Learning Objectives:
1. Describe a national pharmacogenomics education program (PharmGenEd) 2. List collaborating organizations and program activities 3. Identify platforms for continuing education programs and shared curriculum 4. Formulate PharmGenEd program implementation plans and measurement matrix 5. Assess PharmGenEd program progress

Keywords: Genetics, Education

Presenting author's disclosure statement:

Qualified on the content I am responsible for because: I am the Program Director of the national educational program " Pharmacogenomics Education program: Bridging the Gap between Science and Practice", funded by CDC (2008 - 2011). Previously, I have served on the planning committee on 2 national conferences: 1) Embracing the PBRN Model to Improve the Medication Use Process (held in 2007 funded by AHRQ); 2) Primary Care Ambulatory Health Information Technology and Patient Safety Conference (held in 2008 funded by AHRQ). I served as a speaker and helped designed several educational programs, including: 1) Reimbursement for Cognitive Services: Case Studies in Success; Reimbursement for Cognitive Services: Family Medicine Clinic. American Society of Health-system Pharmacist (ASHP) mid-year conference. Atlanta, Georgia, December 11, 2002; 2) Cultural Competence in Primary Care: Implications in the Care of the Asian Patient Fostering Health Literacy and Cultural Competency in Patient Care (# 204-000-04-216-L04). ASHP Midyear Clinical Meeting and Exhibits. Orlando, FL, December 7, 2004; 3) Colleagues in Research: Practice Based Research--Current Practices and Lessons Learned.
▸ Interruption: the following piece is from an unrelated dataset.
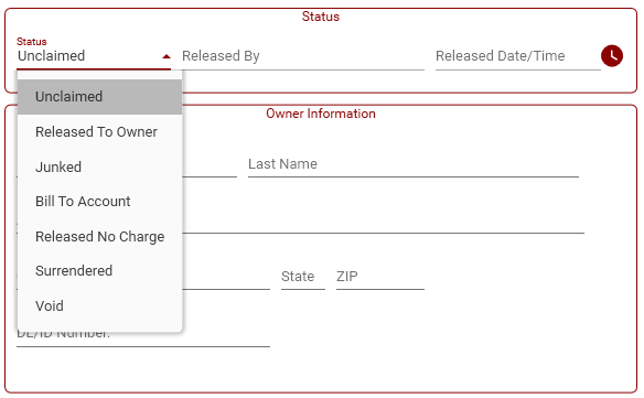 This status should not normally be selected from the tow detail screen. Junking vehicles are usually handled through Vehicle Processing.

American Pharmacist Association 155th Annual Meeting and Exposition. Atlanta, GA, March 2007.
Any relevant financial relationships? Yes

Name of Organization Clinical/Research Area Type of relationship
CDC Pharmacogenomics Education Program Funding recipient
Med Info Service, Inc. Medication safety Stock Ownership

I agree to comply with the American Public Health Association Conflict of Interest and Commercial Support Guidelines, and to disclose to the participants any off-label or experimental uses of a commercial product or service discussed in my presentation.